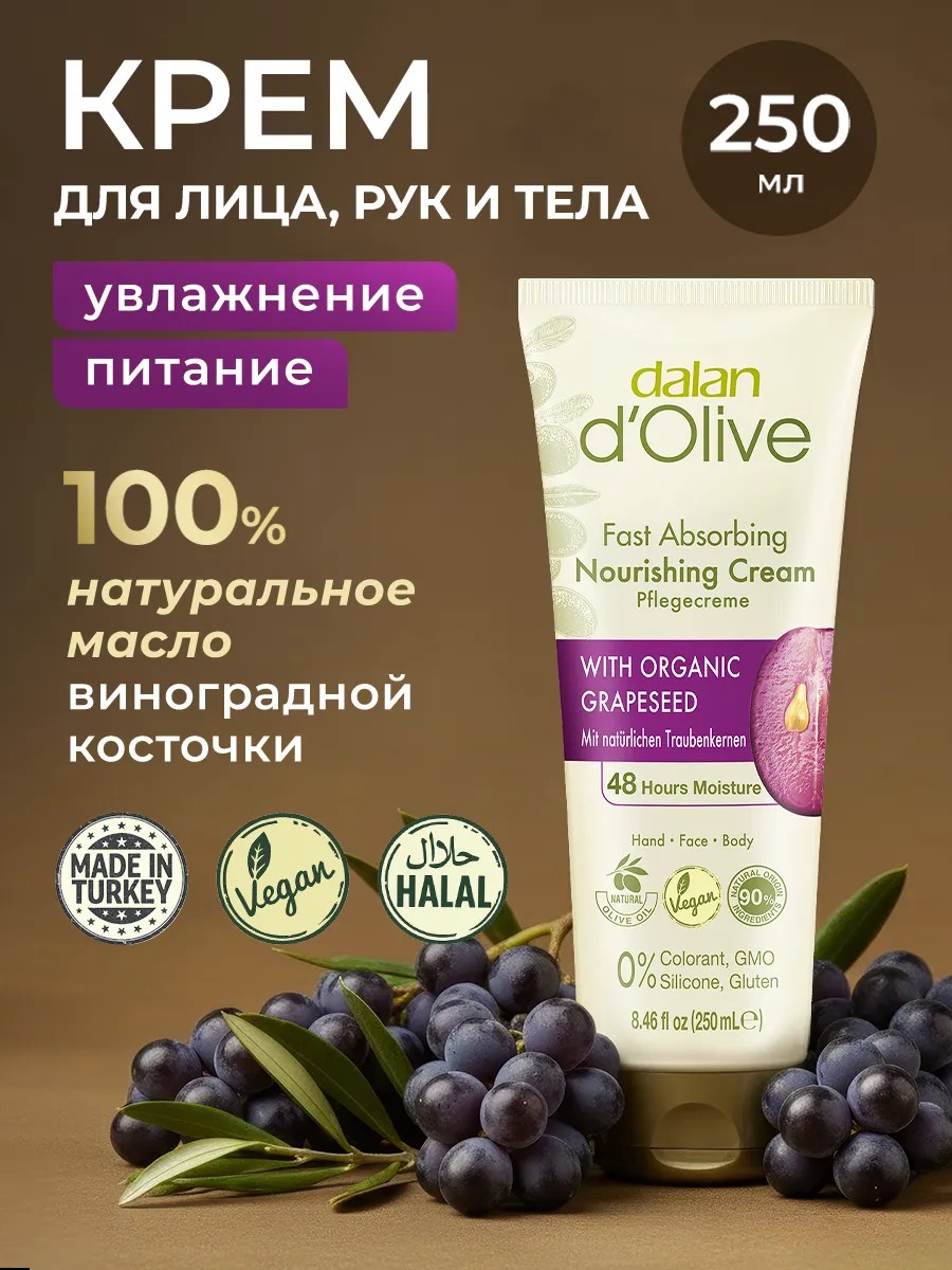 Турецкий крем для рук и тела с маслом виноградных косточек содержит витаминный комплекс, позволяющий восстановить здоровье и внешний вид кожи. Увлажняющий крем для рук, тела и лица может использоваться как для сухой, так и для жирной, а также смешанной кожи. Если вы задумались о том, чтобы приобрести ламеллярный крем, который станет универсальным уходовым средством, используемым в качестве крема для тела, лица, увлажняющего крема для рук, крема для шеи и декольте, подтягивающего крема для тела, крема для локтей, против морщин, от растяжек и трещин, то крем увлажняющий для лица и тела с виноградной косточкой лучше всего подойдет для этой цели. В состав парфюмированного натуральными эфирными маслами крема для тела и рук входит натуральное масло оливы трех видов, а также масло виноградной косточки и глицерин. Если у вас присутствует сухость, раздражения, покраснения, то вы можете использовать крем для рук и тела с виноградной косточкой для лечения проблемной кожи. Масло виноградной косточки обладает мощным заживляющим и выравнивающим эффектом. Если вы будете применять крем увлажняющий и питательный для всех членов семьи, то вам имеет смысл приобретать набор из нескольких упаковок. Универсальный крем для рук маленький подойдет для ношения в женской сумочке. Вы можете его использовать как крем для лица дневной для проблемной кожи, крем подтягивающий для тела, так и в качестве крема на вечер перед сном и в качестве крема для локтей. Если вы привыкли к крему для лица с мочевиной, то крем с виноградной косточкой оказывает не меньший увлажняющий эффект. Экстракт виноградных косточек помогает уменьшить признаки повреждения кожи и стабилизирует УФ-фильтры, обеспечивая лучший SPF в формулах солнцезащитных средств. Крем для рук мини можно использовать в качестве пробника, если вы приобретаете его впервые. В магазине Turkish Cosmetics вы можете приобрести Крем для тела с маслом виноградной косточки прямо .
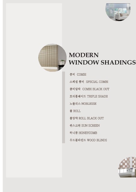 MODERN WINDOW SHADINGS 콤비 Combi 스페셜 콤비 Special Combi 콤비 암막 Combi Black Out 트리플 쉐이드 Triple Shade 트리플 블랙아웃 Triple Black Out 노블리스 Noblesse 롤 Roll 롤암막 Roll Black Out 썬스크린 Sun Screen 허니콤 쉐이드 Honeycomb Shade 우드블라인드 Wood Blinds 전동시스템 Auto Motor System
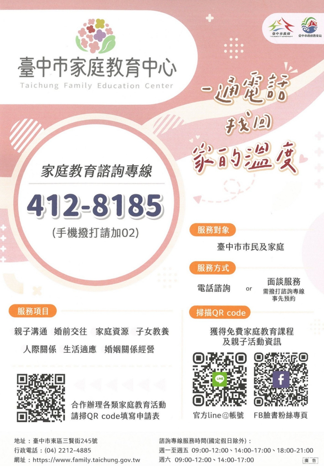 詳情請持續關注「台中市家庭教育中心」臉書粉絲專頁( https://share.google/OeCvnndUJtvnnAHFK )及LINE官方帳號( https://reurl.cc/3KGlOX ),掌握最新相關資訊。(4/23*10)*教育局
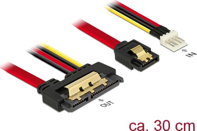 Dieses Kabel von Delock dient dem Anschluss eines Gerätes mit 22 Pin SATA Schnittstelle über einen freien SATA 7 Pin Port sowie einen freien 4 Pin Molex Stromanschluss des Netzteils. Die Metallclips an den SATA Buchsen sorgen dafür, dass die Kabel zuverlässig einrasten.
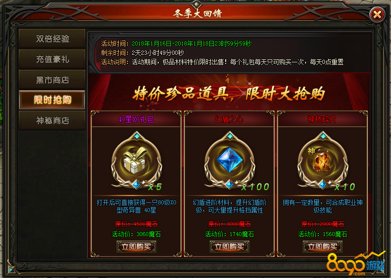 活动说明:活动期间,极品材料特价限时出售!每个礼包每日只可购买一次,每日0点重置
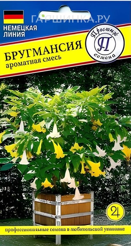 Перед вами семена Бругмансии Ароматной смеси — мощного и великолепного растения, знаменитого своими огромными трубчатыми цветками длиной до 30 см. Эти впечатляющие граммофоны, источающие особенно сильный и приятный аромат в ночные часы, способны превратить сад в экзотический уголок. В условиях умеренного климата этот многолетник выращивают в крупных кадках, что позволяет на зремя убирать его в светлое помещение, так как он выдерживает лишь кратковременные заморозки до -5°C.
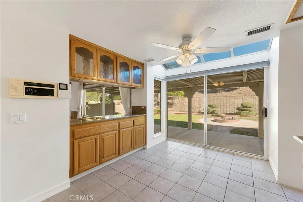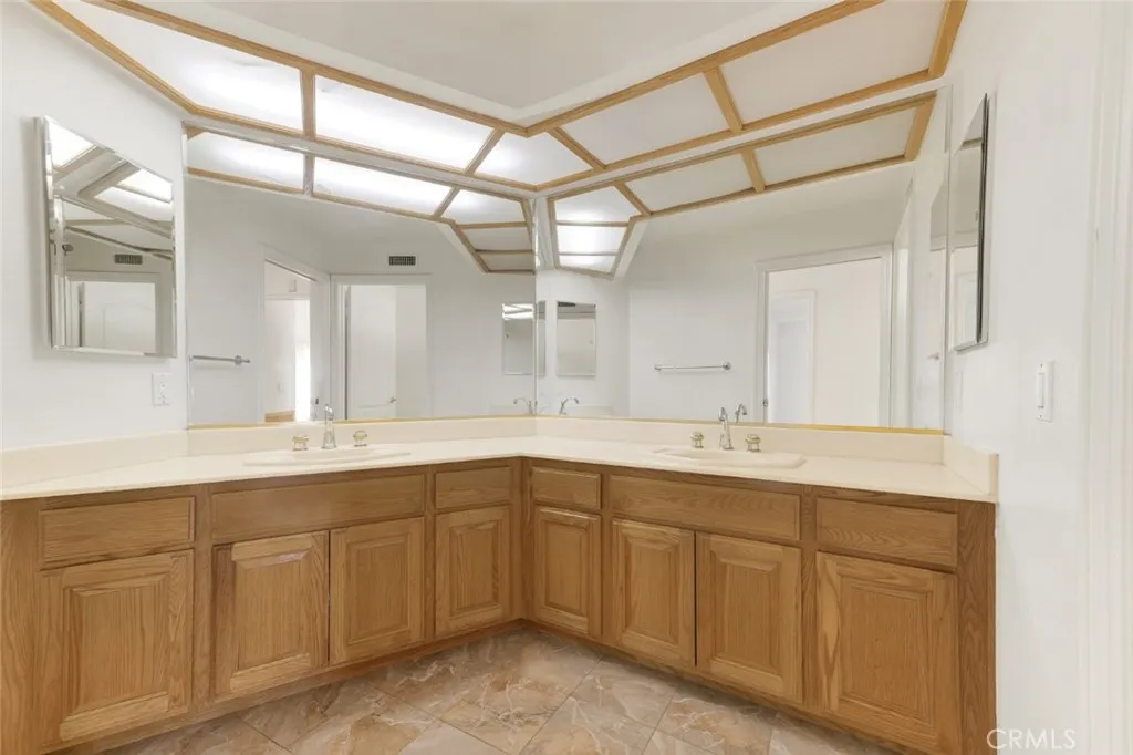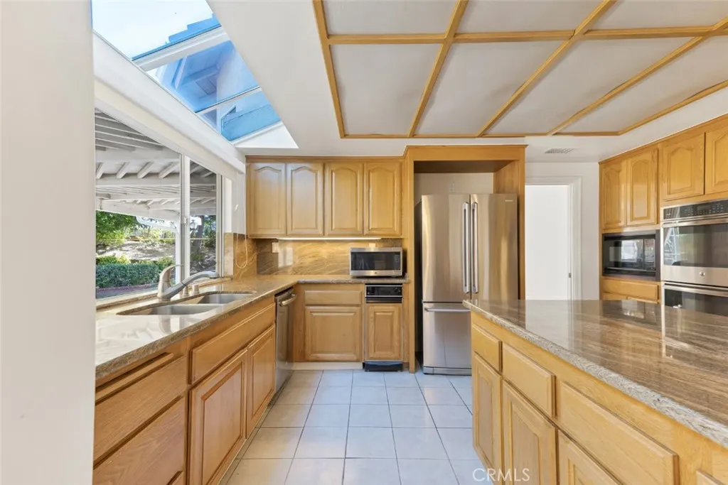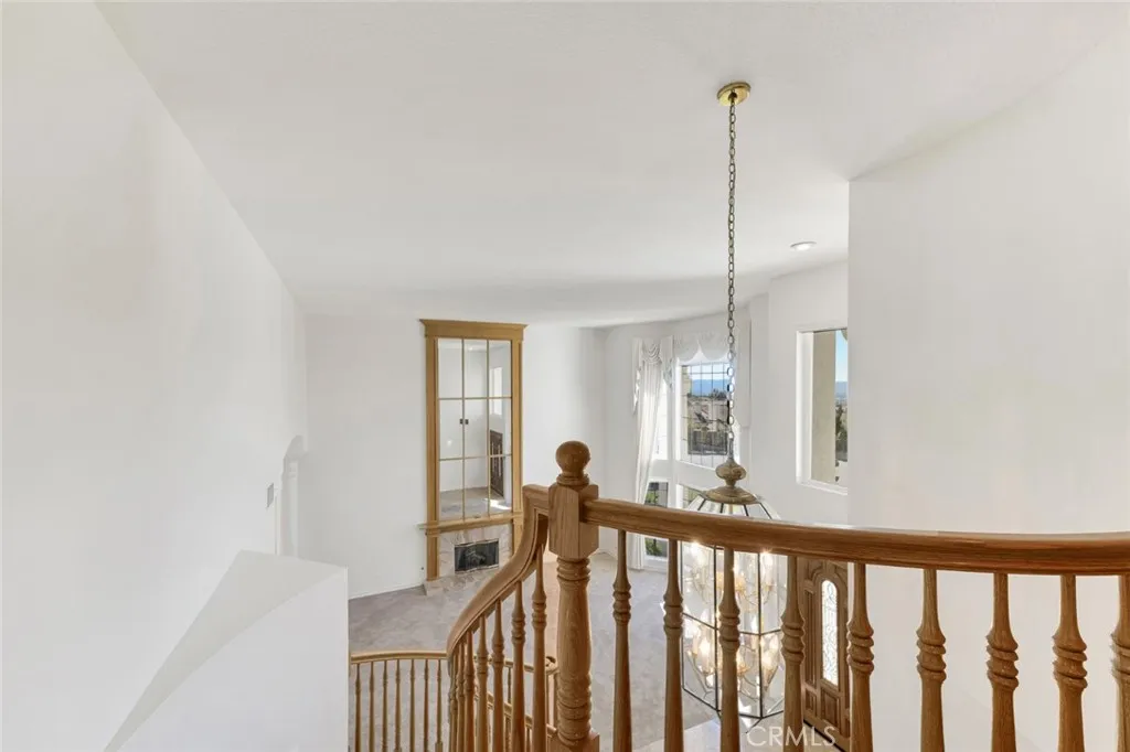 Experience refined living in this elegant 4 bed, 3.5 bath, nearly 4,000 sqft residence in the prestigious 24-hour guard-gated Porter Ranch Estates. Set on desirable corner lot with stately curb appeal, the home offers 3-car garage, brick-accented drive and walkways, and a charming covered front porch framed by classic columns. Inside, fresh paint and brand-new carpet enhance the light-filled interior, where a formal tile entry opens to a dramatic step-down living room with soaring two-story ceilings, an impressive bay window that floods the space with natural light, and a striking fireplace that anchors the room. The open floor plan flows gracefully through flanking columns into the formal dining room with decorative coffered ceiling and double-height windows overlooking the private yard. The spacious kitchen blends style and function with wood cabinetry, stone countertops, a large center island, and built-in appliances including double ovens, plus a sunny breakfast nook with glass sliders leading to the back patio. The adjacent family room creates a relaxing space for fun and entertainment with crown molding, rich wood wainscotting, custom built-ins, and a beautiful stone fireplace. A well-appointed downstairs bedroom with en-suite bath provides ideal guest or in-law accommodations, while the convenient laundry room with utility sink and direct garage access adds practicality. Upstairs, the luxurious primary suite boasts a vaulted ceiling, double-door entry, cozy fireplace, private balcony, dual closets, and a spa-like en-suite bath with skylight, dual vanities, jetted soa
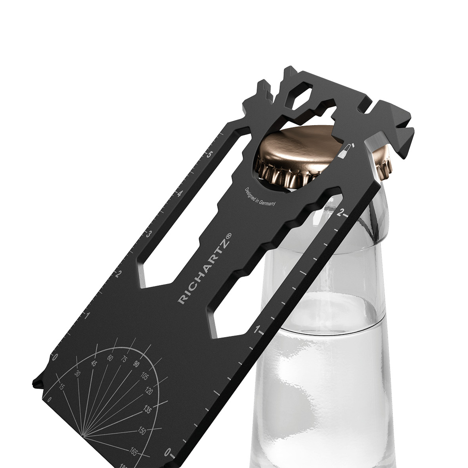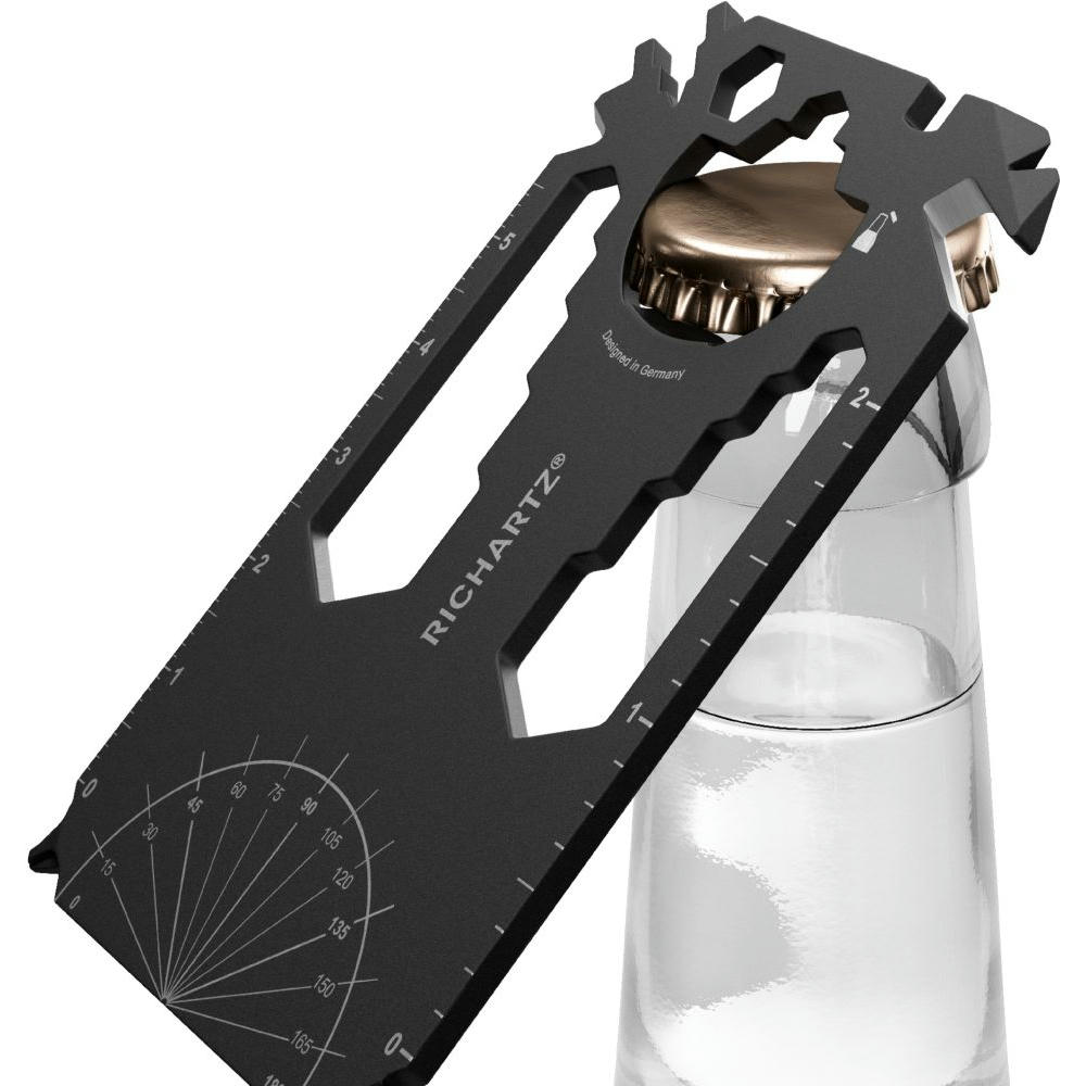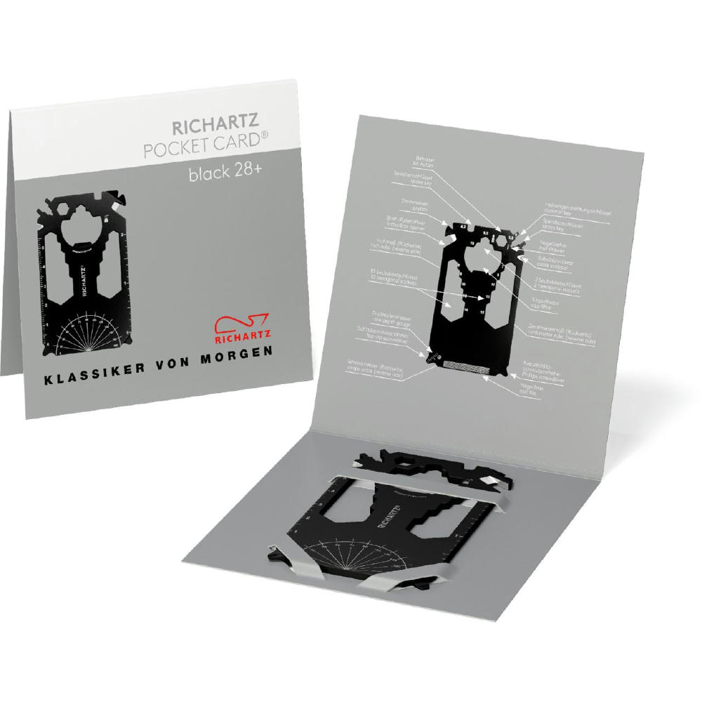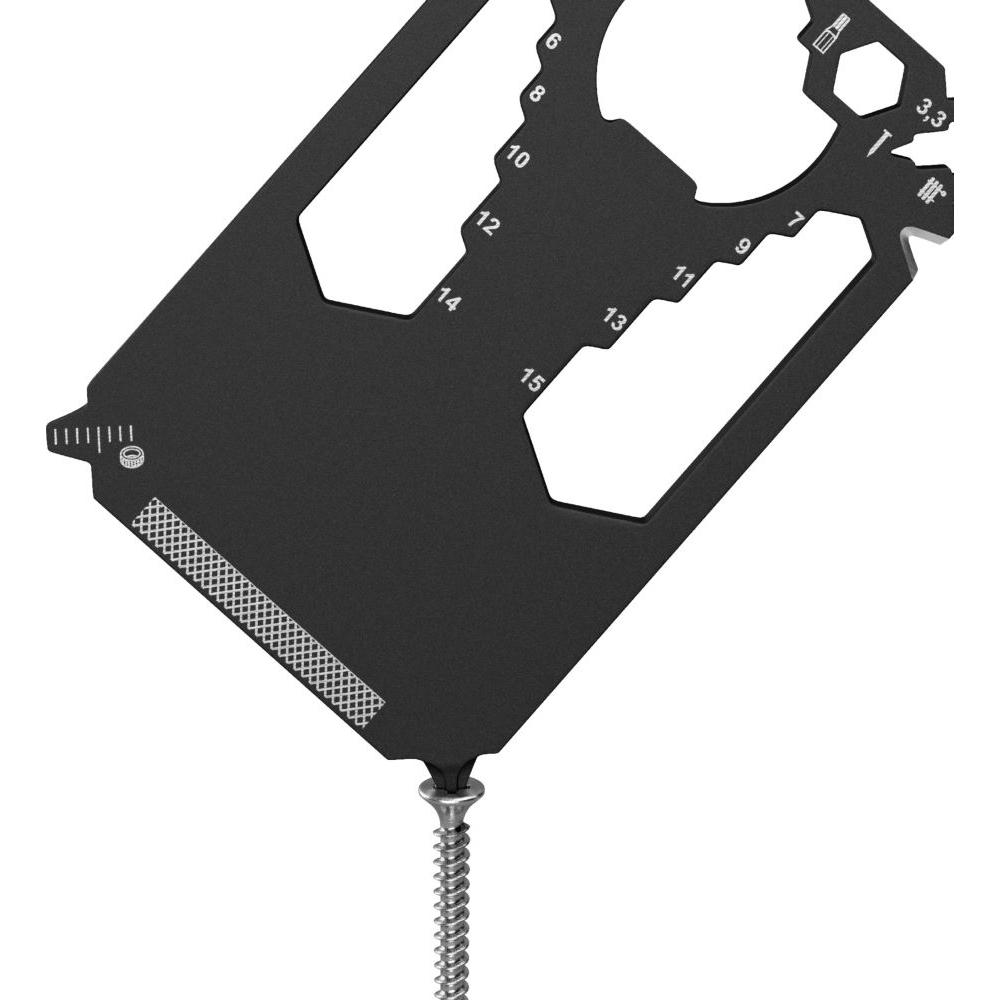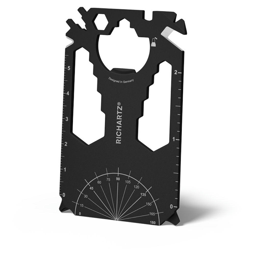 Scheckkartengroßes Multitool: Heizungsentlüftungsschlüssel, Speichenschlüssel (2), Nagelzieher, Bithalter, Stemmeisen, Brief- / Paketöffner, Kabelabisolierer, Sechskantschlüssel (12), Kapselheber, Zentimetermaß, Inchmaß, Kreuzschlitzschraubendreher, Nagelfeile, Winkelmesser, Schlitzschraubendreher, Profiltiefenmesser.
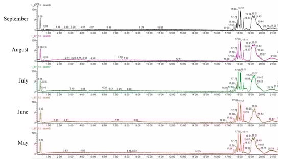 The most dominant compound tentatively identified was oleic acid (C18:1n-9) with a content more than 15% in all tested samples, highest in May. The other two dominant compounds were palmitoleic acid (C16:1n-7) and palmitic acid (C16:0) also showing highest content in the May extract. Except for highly represented fatty acids, ω-3 eicosapentaenoic acid (EPA) was also found, with the highest content in July.
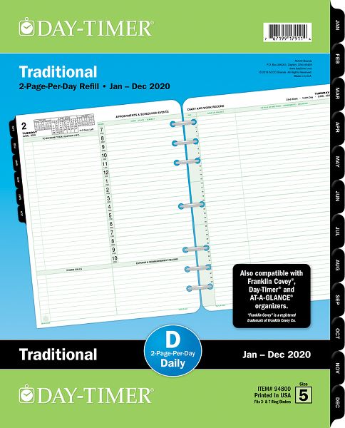 Day Timer 2 Page Per Day Reference Planner Refill Folio Size
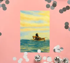 Marta a apporté un beignet jaune à l'océan et l'a déclaré nation souveraine. Pendant trois heures de bonheur, elle a régné avec des lunettes de soleil surdimensionnées et un maillot de bain rayé qui avait connu plus de festivals d'été qu'une pop star à la retraite. Pas de gens, pas de bruit, seulement des mouettes polies et une excellente flottabilité. Peinture originale d'une femme seule dérivant sur un donut jaune vif flottant sur une mer vaste, calme et sarcelle. Un maillot de bain à rayures vintage, un large chapeau de soleil et des lunettes de soleil rondes donnent à la femme un air rétro et enjoué, tandis que l'espace négatif abondant et la texture douce créent une composition calme et aérée.
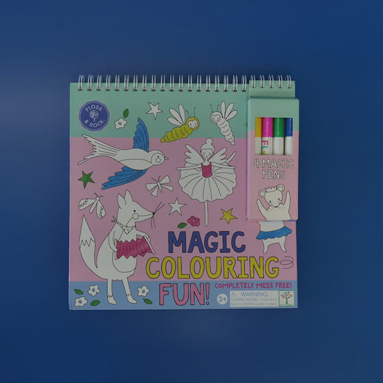 Zeg vaarwel tegen vieze vingers en rotzooi... Deze magische kleurstiften hebben onzichtbare inkt die alleen op de superleuke pagina's verschijnt! Kies een kleur en zie hoe deze op magische wijze op de pagina verschijnt. Elk spiraalgebonden blok bevat 4 magische pennen en 8 kleurpagina's, dit sprookjesachtige ontwerp bevat prinsessen, pompoenkoetsen, draken, beren en meer...
----------
About this exercise — Starting at the line containing "MODERN WINDOW SHADINGS" and stopping at the line containing "活动说明:活动期间,极品材料", output each line exactly as it appears above. Leave out the pictures.

Exercise output —
 MODERN WINDOW SHADINGS 콤비 Combi 스페셜 콤비 Special Combi 콤비 암막 Combi Black Out 트리플 쉐이드 Triple Shade 트리플 블랙아웃 Triple Black Out 노블리스 Noblesse 롤 Roll 롤암막 Roll Black Out 썬스크린 Sun Screen 허니콤 쉐이드 Honeycomb Shade 우드블라인드 Wood Blinds 전동시스템 Auto Motor System
 詳情請持續關注「台中市家庭教育中心」臉書粉絲專頁( https://share.google/OeCvnndUJtvnnAHFK )及LINE官方帳號( https://reurl.cc/3KGlOX ),掌握最新相關資訊。(4/23*10)*教育局
 Dieses Kabel von Delock dient dem Anschluss eines Gerätes mit 22 Pin SATA Schnittstelle über einen freien SATA 7 Pin Port sowie einen freien 4 Pin Molex Stromanschluss des Netzteils. Die Metallclips an den SATA Buchsen sorgen dafür, dass die Kabel zuverlässig einrasten.
 活动说明:活动期间,极品材料特价限时出售!每个礼包每日只可购买一次,每日0点重置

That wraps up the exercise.